Title:
Novel mRNA and Protein quality control systems induced by aberrant translation in eukaryotes

Toshifumi INADA, Ph.D.
Professor
Graduate School of Pharmaceutical Sciences,Z
Tohoku University

Abstract:
Cells have mRNA surveillance systems to recognize aberrant translation elongation and termination, and eliminate aberrant mRNAs. NMD (Nonsense-Mediated mRNA Decay) is the most characterized mRNA surveillance system that recognizes and eliminates aberrant mRNAs containing a premature termination codon (PTC). NSD (NonStop Decay) system rapidly degrades nonstop mRNA that lacks a termination codon and is produced mainly by polyadenylation within an ORF. NGD (No-Go Decay) quality control system recognize s the stalling of ribosomes during translational elongation and induces endonucleolytic cleavage of the mRNA in the vicinity of the stalled site that leads to rapid mRNA degradation.
We have recently demonstrated that rapid proteasomal degradation of aberrant proteins derived from aberrant mRNAs plays an important role in preventing the expression of abnormal proteins as well as in promoting rapid mRNA decay by mRNA surveillance systems. In NSD and NGD , translation arrest induced by a nascent peptide with positively charged residues results in co-translational degradation of the arrested protein product by the proteasome ( EMBO J. 2005;Genes Dev , 2007; EMBO Rep . 2010 ), and two distinct E3 ubiquitin ligases and novel factors including Rqc1, Tae2 and Cdc48, that interact with 60S ribosomal subunit are involved in the degradation of arrest products associated with stalled ribosome ( JBC , 2009; Cell , 2012 ) . We also found that Dom34:Hbs1 stimulates degradation of stop-codon-less and nonstop mRNAs by dissociating a ribosome that is stalled at the 3′ end of the mRNA , which makes the released mRNA more vulnerable to nucleolytic attack, and that Dom34:Hbs1 plays important roles in both NSD and NGD ( PNAS , 2010; Mol. Cell , 2012). I will also present recent results about a novel role of E3 ubiquitin ligase Hel2 in the endonucleolytic cleavage of the mRNA in NGD.

References:
1.   “ Dom34:Hbs1 Plays a General Role in Quality Control Systems by Dissociation of Stalled Ribosome at 3′ End of Aberrant mRNA ” T. Tsuboi, K. Kuroha, K. Kudo, S. Makino, E. Inoue, I. Kashima and T. Inada Mol. Cell, 26, 518-529 (2012).

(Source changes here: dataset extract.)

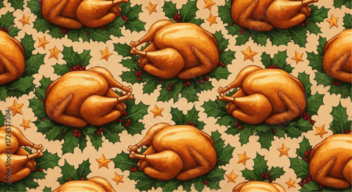 Christmas seamless thanksgiving pattern with roasted turkey holly and stars for holiday backgrounds and designs ideas vector

2.   “ A ribosome-bound quality control complex triggers nascent peptides and signals translation stress ” O. Brandman, JS. Ornstein, D. Wong, A. Larson, C.C. Williams, G.W. Li, S. Zhou, D. King, P.S. Shen, J. Weibezahn, J.G. Dunn, S. Rouskin, T. Inada , A. Frost, JS. Weissman
Cell, 151, 1042-1054 (2012).

3. “ RACK1 stimulates nascent polypeptide-dependent translation arrest ” K. Kuroha, M. Akamatsu, L. Dimitrova, T. Ito, Y. Kato, K. Shirahige and T. Inada EMBO Reports, 11, 956-961 (2010).

4. “ Structural Basis for mRNA Surveillance by Archaeal Pelota and GTP-bound EF1α Complex ” K. Kobayashi, I. Kikuno, K. Kuroha, K. Saito, K. Ito, R. Ishitani, T. Inada and O. Nureki
Proc. Natl. Acad. Sci. USA, 107, 17575-17579 (2010).

5. “ Nascent peptide-dependent translation arrest leads to not4p-mediated protein degradation by the proteasome ” K. Kuroha, L. Dimitrova, T. Tatematsu and T. Inada J. Biol. Chem ., 284 , 10343-10352 (2009).

6. “Translation of poly(A) tail plays crucial roles in nonstop mRNA surveillance via translation repression and protein destabilization by proteasome in yeast” S. Ito-Harashima, K. Kuroha, T. Tatematsu and T. Inada Genes Dev ., 21 , 519-524 (2007).

7. “Translation of aberrant mRNAs lacking a termination codon or with a shortened 3′-UTR is repressed after initiation in yeast” T. Inada * and H. Aiba EMBO J., 24 , 1584-1595 (2005).